Suggestions: Templates are terrific for helping the project team collect and document information. However a better approach to just handing out templates would be to provide standards, guidance and instructions for filling out the contents of the templates. Set up a kick-off meeting where all affected parties get specific instructions for filling out the contents of the templates. Provide samples of well constructed templates to the audience. Also provide the criteria that will evaluate the quality of the filled out templates. Do not wait until the due date to review all the templates. Templates should be evaluated early and gradually as they become available which allows for corrective action without much impact to the project schedule in the event that team are not complaint with the established standards for filling out the templates.

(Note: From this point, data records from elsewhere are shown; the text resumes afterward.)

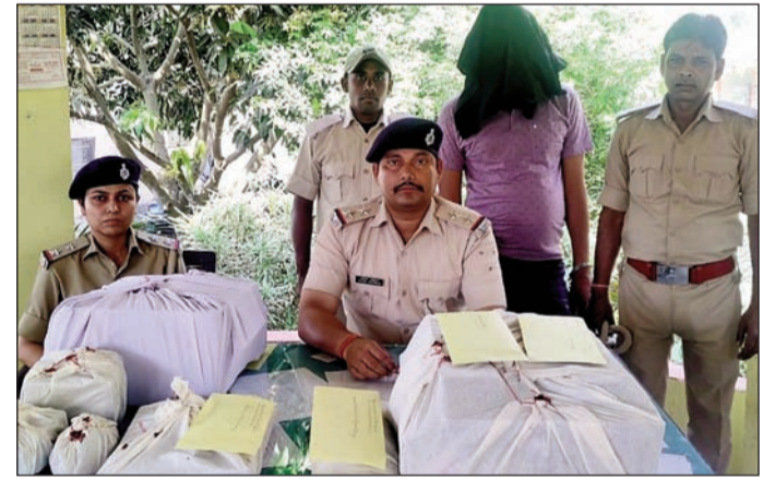
गिरफ्तारी की जानकारी देते पुलिस अधिकारी व अन्य ।

सीतामढ़ी (एनएसबी)। पुलिस ने ग्राहक सेवा केंद्र में छापेमारी कर अवैध रूप से आधार कार्ड बनाने के आरोप में एक व्यक्ति को गिरफ्तार किया है। मिली जानकारी के मुताबिक दिनांक 17.03.2026 को समय लगभग 16:00 बजे बेला थाना पुलिस टीम को गुप्त सूचना प्राप्त हुई कि ग्राम - चांदी रजवाड़ा, थाना- बेला में एक व्यक्ति द्वारा किए गए की दुकान में ग्राहक सेवा केंद्र संचालित कर अवैध रूप से धैरे लेकर आधार कार्ड बनाने का कार्य किया जा रहा है। सूचना के सत्यापन एवं त्वरित कार्रवाई करते हुए पुलिस टीम द्वारा उक्त दुकान में छापेमारी की गई। छापेमारी के दौरान कई आपत्तजनक सामग्रियां बरामद की गईं तथा एक व्यक्ति को मौके पर ही गिरफ्तार किया गया। पुलिस के अनुसार प्रारंभिक जांच में यह प्रतीत होता है कि उक्त व्यक्ति द्वारा अवैध तरीके से आधार से संबंधित कार्य किया जा रहा था। मामले में आगे एवं पीछे की जुड़ी कड़ियों का पता लगाया जा रहा है। इस
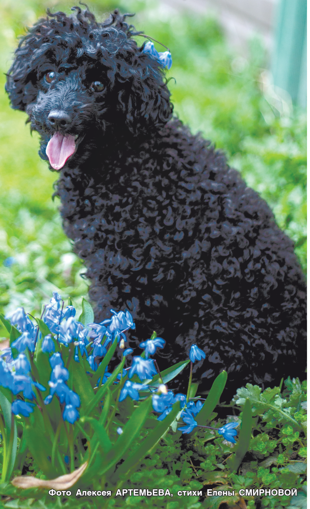
стихи Елены СМИРНОВОЙ

Апрель - раздолье первоцветов, Душистых трав и солнца света. И предвкушает радость лета Собака - радость человека.
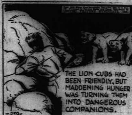
THE LION CUBS HAD BEEN FRIENDLY, BUT MADDENING HUNGER WAS TURNING THEM INTO DANGEROUS COMPANIONS.
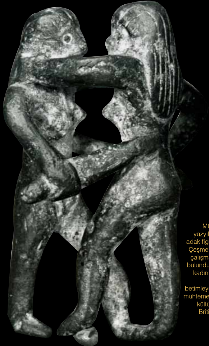
MÖ yaklaşık 6. yüzyıla ait olan bu adak figürünün İzmir Çeşme'deki bir kazı çalışması sırasında bulunduğu bilinir. İki kadın gladyatörün dövüşünü betimleyen bu figürin muhtemelen verimlilik kültürü ile ilişkilidir. British Museum.

nu hayranı olabileceğini de düşünmektedir. Kimisi ise Anubis'in yoldaşı İsişe tapınılan popüler bir Mısır kültürünün müridi olduğunu öne sürer. Peki, Great Dover Sokağı Kadını bir gladyatör müydü? Ne yazık ki bu sorunun gerçek cevabı bilinmemektedir. Kesin olarak bilinen ise, kadınların antik Roma arenasında dövüştüğü, muhtemelen can verdiği ve antik dünyanın en kalıcı görüntülerinden birinin parçası olduğudur: GLADYATÖR ■

Conclusions: The author exposes and reveals perils to the SAP implementation

that need to be addressed as early as the requirements management phase. The suggestions for overcoming these perils include involving SMEs for capturing requirements, scrubbing requirements, end user hands on execution during UAT testing, transport management tool, and advocating the use of automated test tools. The author based on his experiences has witnessed how one or more of the perils above has crippled other ERP projects and believes that planning for these risks with proven techniques will increase the chances of success at most ERP implementations.